NEW YORK (GenomeWeb) – A team led by researchers at Decode Genetics has mapped imprinting patterns within the human genome.
Some 160 human genes have been reported to be under the influence of imprinting, in which one parental allele is preferentially expressed over the other. During development, there are waves of demethylation and remethylation, but some regions escape this process and retain their parental methylation status.
Researchers led by Kari Stefansson of Decode, which is part of Amgen, and the University of Iceland combined whole-genome sequencing, oxidative bisulfite sequencing, and SNP genotyping to determine both the parent-of-origin phased haplotypes and the genome-wide CpG methylation status within an Icelandic population. From this, as they reported yesterday in Nature Genetics, the researchers generated a map of imprinted methylation and gene expression patterns, including ones at disease-linked loci.
"[O]ur observations support the view that imprinting is a more quantitative than categorical phenomenon, having nuances that are yet to be fully explored," Stefansson and his colleagues wrote in their paper.
The researchers turned to their cohort of Icelandic individuals — 150,000 Icelanders out of a total population of 320,000 have undergone genotyping — to tease out haplotype phases. They also sequenced the genomes of 15,200 individuals and used the genotyping information they had plus the Icelandic genealogical record to determine parent-of-origin phased haplotypes.

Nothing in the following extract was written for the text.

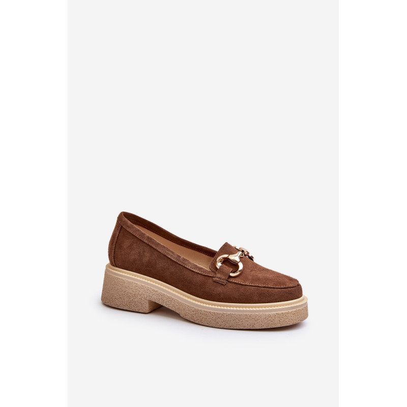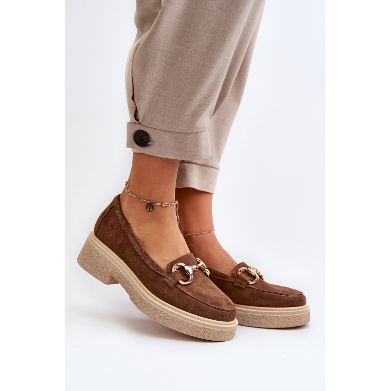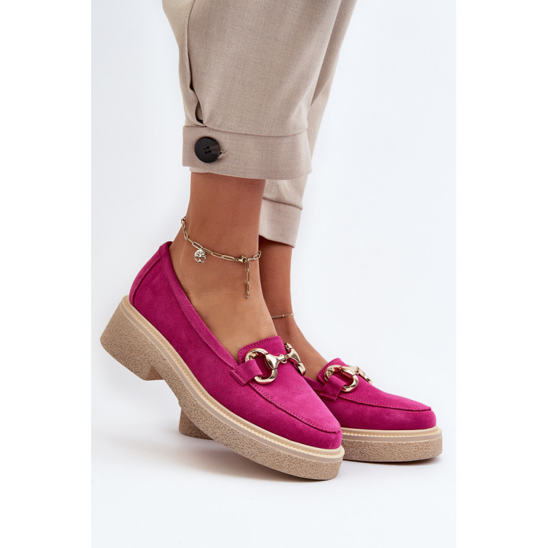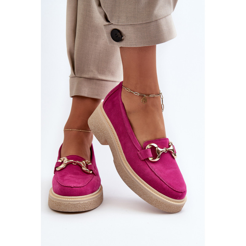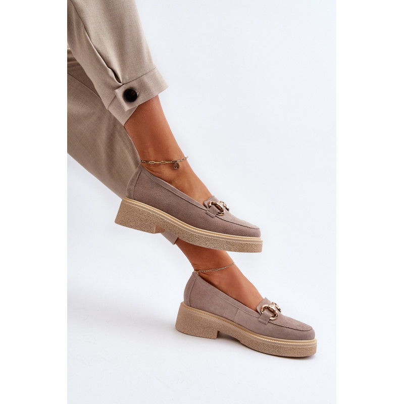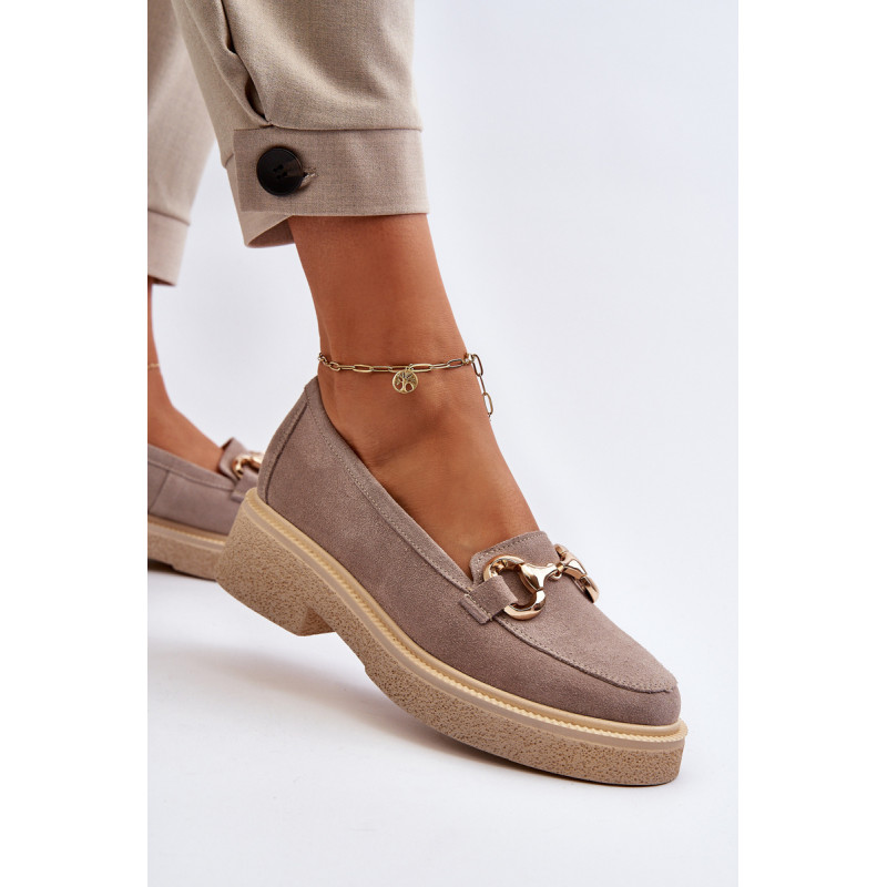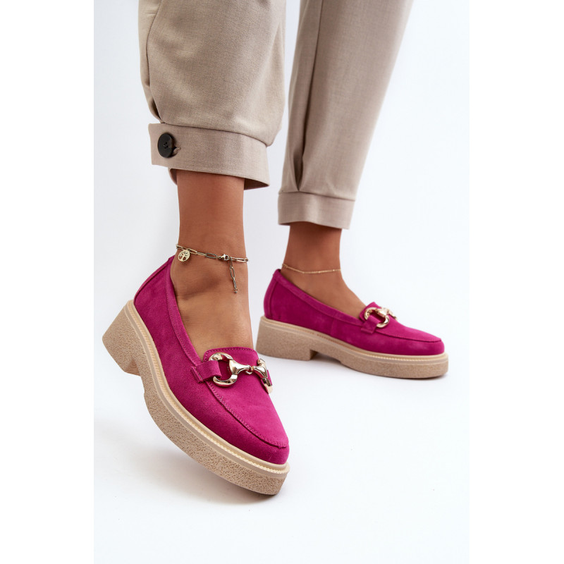 Šie elegantiški moteriški mokasinai iš natūralios zomšos yra ne tik išskirtinai stilingi, bet ir nepaprastai patogūs. Jų priekį puošia auksinė puošyba, kuri suteikia joms prabangos ir elegancijos. Nustatykite ant platformos ir plokščio kulno. Profiliuotas vidpadis suteiks komforto naudojimo metu. Itin madingas dizainas, kurį galite naudoti daugeliui stilių! Rinkdamiesi dydį žiūrėkite dydžių lentelę.

At the same time, they conducted oxidative bisulfite whole-genome sequencing of peripheral blood samples collected from 200 individuals to determine genome-wide methylation status. When combined, the researchers could determine the phase and parent of origin for each read and any methylation sites it contained.
In all, they uncovered 229 parent-of-origin differentially methylated regions, 64 of which overlapped with previously reported regions and 165 of which were novel.
Some of these regions map to regions previously linked to Prader-Willi syndrome and Angelman syndrome, both rare conditions caused by the loss of parts of paternal chromosome 15. A previous report had noted parent-of-origin methylation preferences in this region on chromosome 15, and the Decode researchers found that maternally methylated regions tended to be near regulatory regions like promoters or transcription start sites, while paternally methylated regions were spread more broadly.
When the researchers compared these methylation patterns to the methylomes of sperm cells, oocytes, and blastocysts, they found the majority of the PWS/AS parent-of-origin differentially methylated regions were highly methylated in sperm. However, much of that methylation was lost by the blastocyst stage, though later re-instated.
Based on this, the researchers determined that the paternally methylated regions were actually established somatically, and they further noted that these regions exhibited a pattern consistent with stochastic methylation.
Other novel parent-of-origin differentially methylated regions fell outside the PWS/AS region. Some mapped near other reported parent-of-origin differentially methylated regions or near genes with a known imprinted expression pattern or near promoters, transcription start sites, heterochromatin, and CpG islands. These parent-of-origin differentially methylated regions showed a methylation pattern during development that was distinct from that of the PWS/AS region: most were maternally methylated, the researchers noted.
Meanwhile, the researchers performed RNA-seq on blood samples from 6,800 individuals to search for parent-of-origin allele-specific expression and related that to methylation changes. They uncovered 137 genes with parent-of-origin allele-specific expression, 128 of which they then replicated in a separate cohort. Ninety-nine of these were close to a parent-of-origin differentially methylated region, they reported.
They also examined an in-house database to search for SNPs whose effects differed by parent of origin to find links at DLK1/MEG3 and GNAS, genes linked to imprinting disorders. For instance, the GNAS rs425881[A] allele increases thyroid-stimulating hormone levels when it is inherited maternally, the researchers found, but decreases levels when it is paternally inherited.
The researchers noted that the novel parent-of-origin differentially methylated regions and parent-of-origin allele-specific expression they found have smaller effects than those uncovered previously. "These smaller differences may indicate that imprinting is confined to subsets of cells or particular cell types," they wrote.